Qu’est-ce ? Une martingale pour tenter d’éviter un nouveau vote le 8 juin à l’initiative du groupe indépendant LIOT dont l’objectif, cette fois … est d’abroger l’âge légal à 64 ans. Étonnant, non ?
Pour ne pas y perdre son latin, résumons. Ce nouvel article stipule que toute proposition de loi émanant de la « niche parlementaire » d’un parti minoritaire ne peut grever de façon significative le budget de l’État. Or, celle que proposera LIOT ce jour-là et qui a toutes les chances d’être adoptée, conduit sur le papier à une hausse de 15 milliards d’euros des dépenses de l’État….
Calcul élémentaire, mon cher Watson, voici une proposition de loi née… caduque. Sauf que les seules personnes habilitées à brandir cette arme de l’article 40 sont la Présidente de l’Assemblée nationale Yaël Braun-Pivet qui s’y refuse puisqu’elle a déjà avalisé le projet. Et le Président de la Commission des Finances, Éric Coquerel, garant des deniers de l’État.
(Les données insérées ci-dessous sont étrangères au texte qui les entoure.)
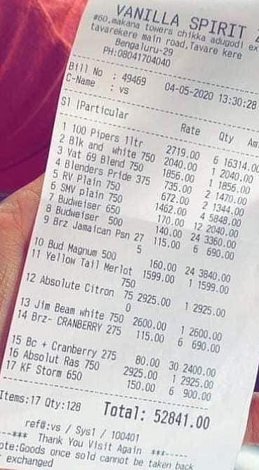 முன்னதாக, பெங்களூருவில் 52 ஆயிரத்துக்கு ஒரே நபர் மதுபானம் வாங்கி அந்த ரசீது வாட்ஸ்ஆப் உள்ளிட்ட வலைத்தளங்களில் பரவ, அதற்குப் போட்டியாக ரூ.95 ஆயிரத்துக்கு ஒருவர் மதுவாங்கிய பில் களத்தில் இறங்கியது.
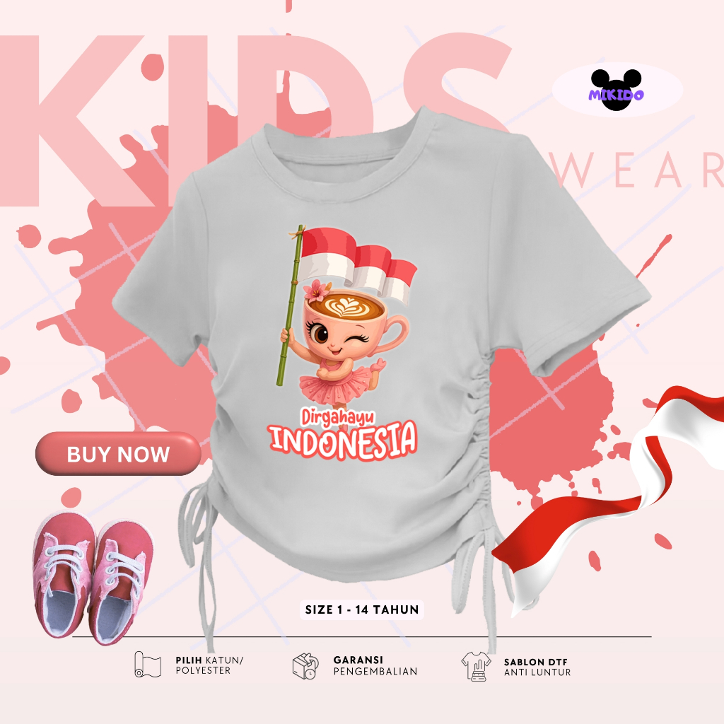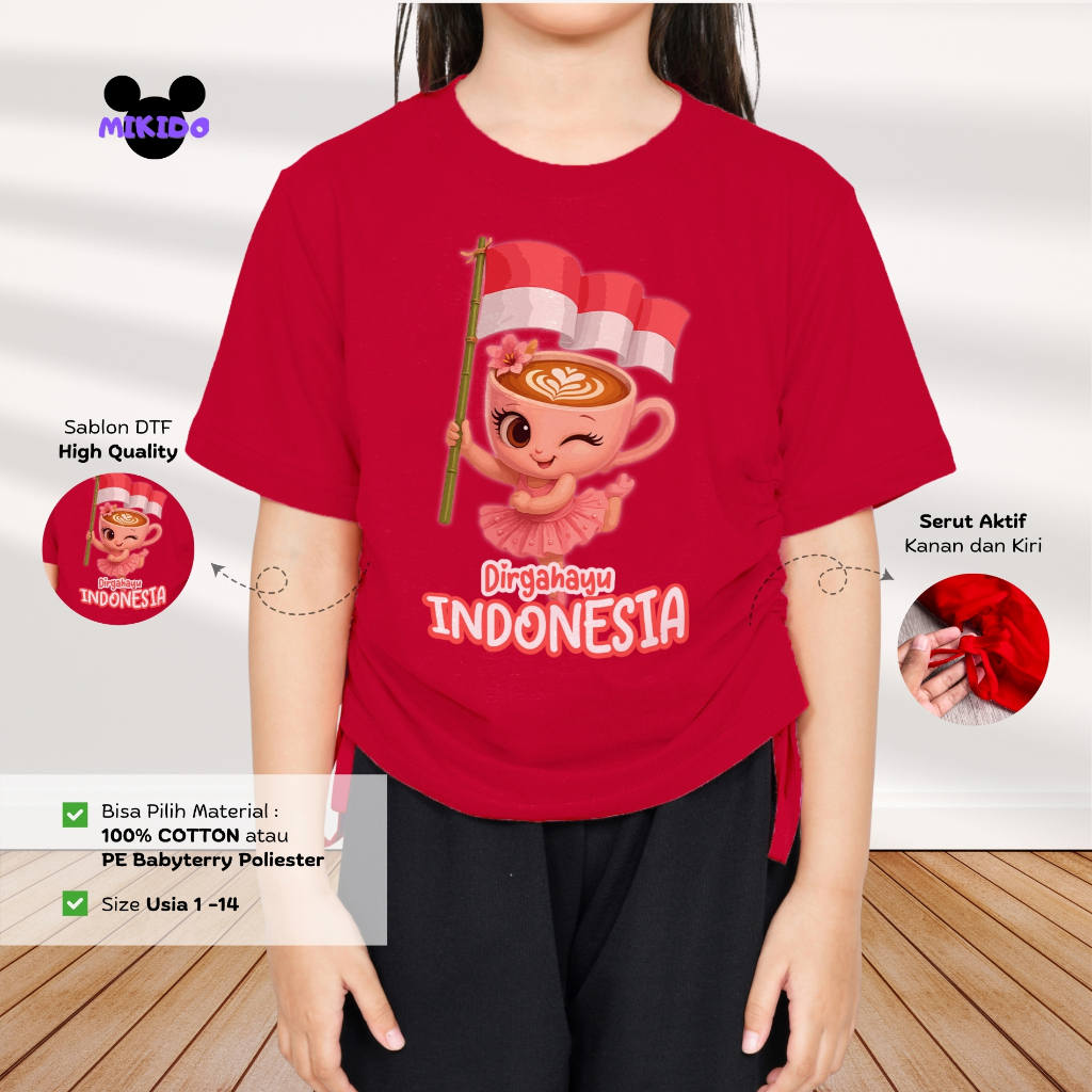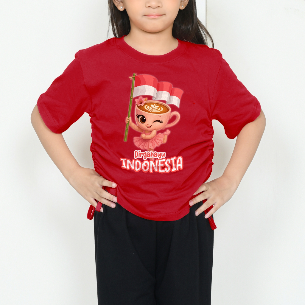 Kaos Serut Crop Top Anak Perempuan Kekinian Anomali Kemerdekaan Indonesia | Atasan 5 - 14 Tahun
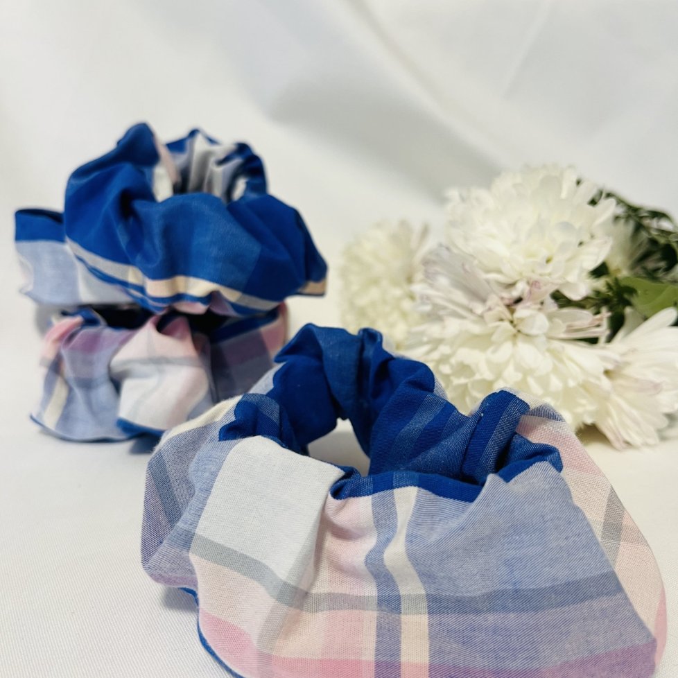 Gumička, která netahá ani neláme vlasy. Bavlněná gumička upcyklovaná z původní pánské košile. Kombinuj ji i s jinými barvami.

Pour sûr, un LR comme son prédécesseur Éric Woerth y aurait eu recours sans coup férir. Pas lui..
Car Éric Coquerel, n’est pas LR. Pire, il est député La France Insoumise (LFI) de Seine-Saint -Denis. L’aboutissement d’un long parcours politique. Jeunesse anarchiste, trotskiste et marxiste, il s’engage en politique d’abord à la Ligue Communiste révolutionnaire (LCR) puis aux côtés de Jean-Pierre Chevènement avant sa rencontre en 2004 avec Jean-Luc Mélenchon. Ces deux-là s’entendent comme larrons en foire et ne se quittent plus.
Intelligent et discret, Éric Coquerel gravit une à une les marches du pouvoir. D’abord simple conseiller général d’Île-de-France, il est élu la première fois député LFI de Seine-Saint-Denis en 2017 puis réélu haut la main en 2022.
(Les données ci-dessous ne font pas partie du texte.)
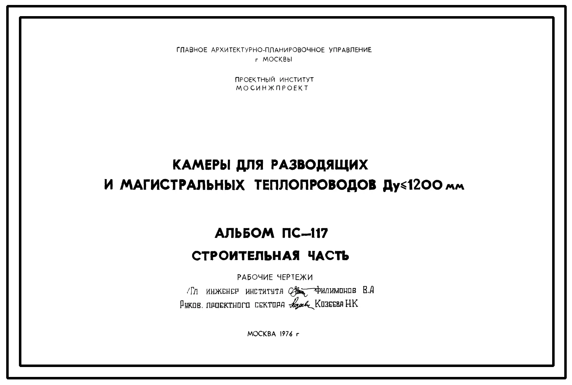 Альбом ПС-117 Камеры для разводящих и магистральных теплопроводов Ду<=1200 мм
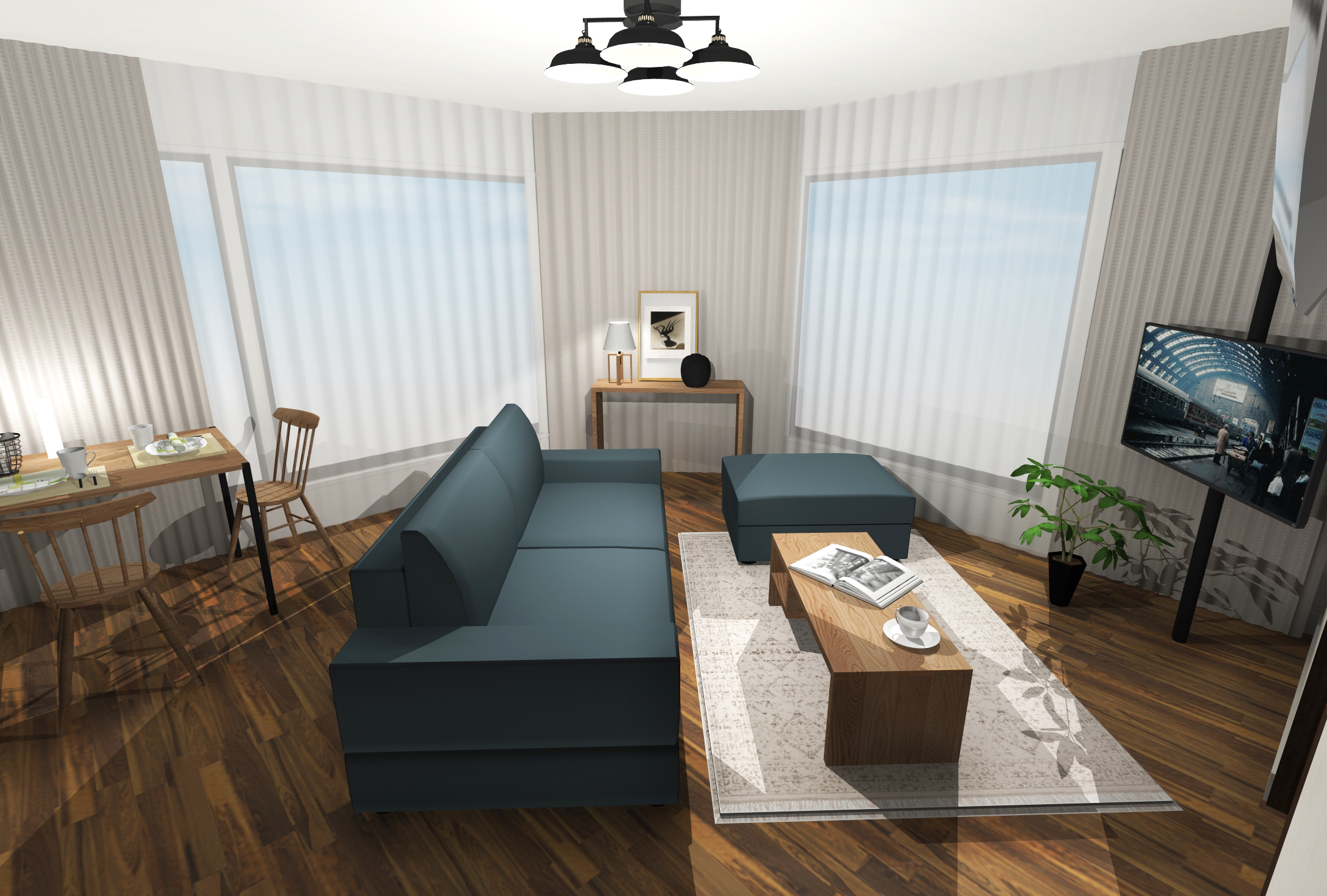 12畳・横長リビングダイニング、ダークグレーのカーテンを取り入れたインテリア - RE -アールイ。

La Nupes s’impose alors comme le premier groupe d’opposition et LFI comme le parti de tête. Une question agite le landernau : qui occupera le poste stratégique de Président de la Commission des Finances, celui qui examine, entérine ou égratigne le budget de l’État ?
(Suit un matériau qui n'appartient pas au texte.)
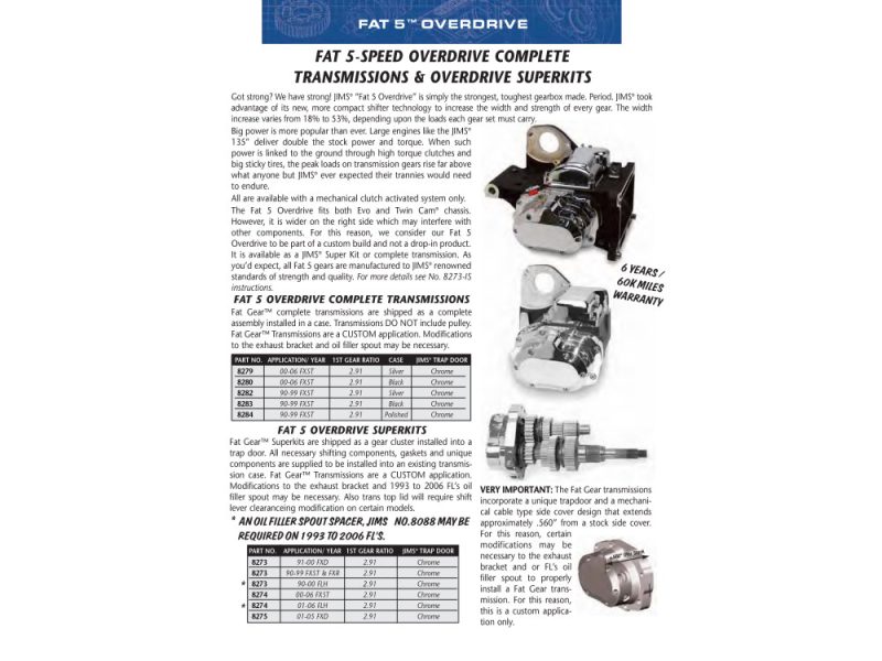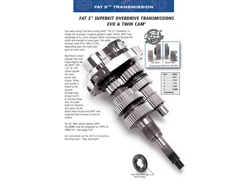 Got strong? We have strong! JIMS Fat 5 Overdrive is simply the strongest, toughest gearbox made. Period. JIMS took advantage of its new, more compact shifter technology to increase the width and strength of every gear. The width increase varies from 18% to 53%, depending upon the loads each gear set must carry. Big power is more popular than ever. Large engines like the JIMS 135Â’ deliver double the stock power and torque. When su ch power is linked to the ground through high torque clutches and big sticky tires, the peak loads on transmission gears rise far above what anyone but JIMS ever expected their trannies would need to endure. All are available with a mechanical clutch activated system only.

Mélenchon tranche : ce sera Coquerel, réputé pour sa compétence économique et budgétaire.
Ce féru de voile s’installe à la barre. Avec deux grands-pères ouvriers et une mère employée de bureau, des cours d’histoire le soir à la Sorbonne, Éric Coquerel a gardé son âme de militant voué à réparer les injustices. La réforme des retraites en est une. Qu’on ne lui demande pas d’être celui qui bloquera son abrogation.
Dès sa nomination en juin dernier, il avait affiché la couleur : « la Commission des Finances, c’est un contre-pouvoir de taille par rapport à l’exécutif. Cela n’a pas été le cas au cours des cinq dernières années et là, cela va se voir ! ».
Né en 1958, à 64 ans – un signe ? – on ne se refait pas.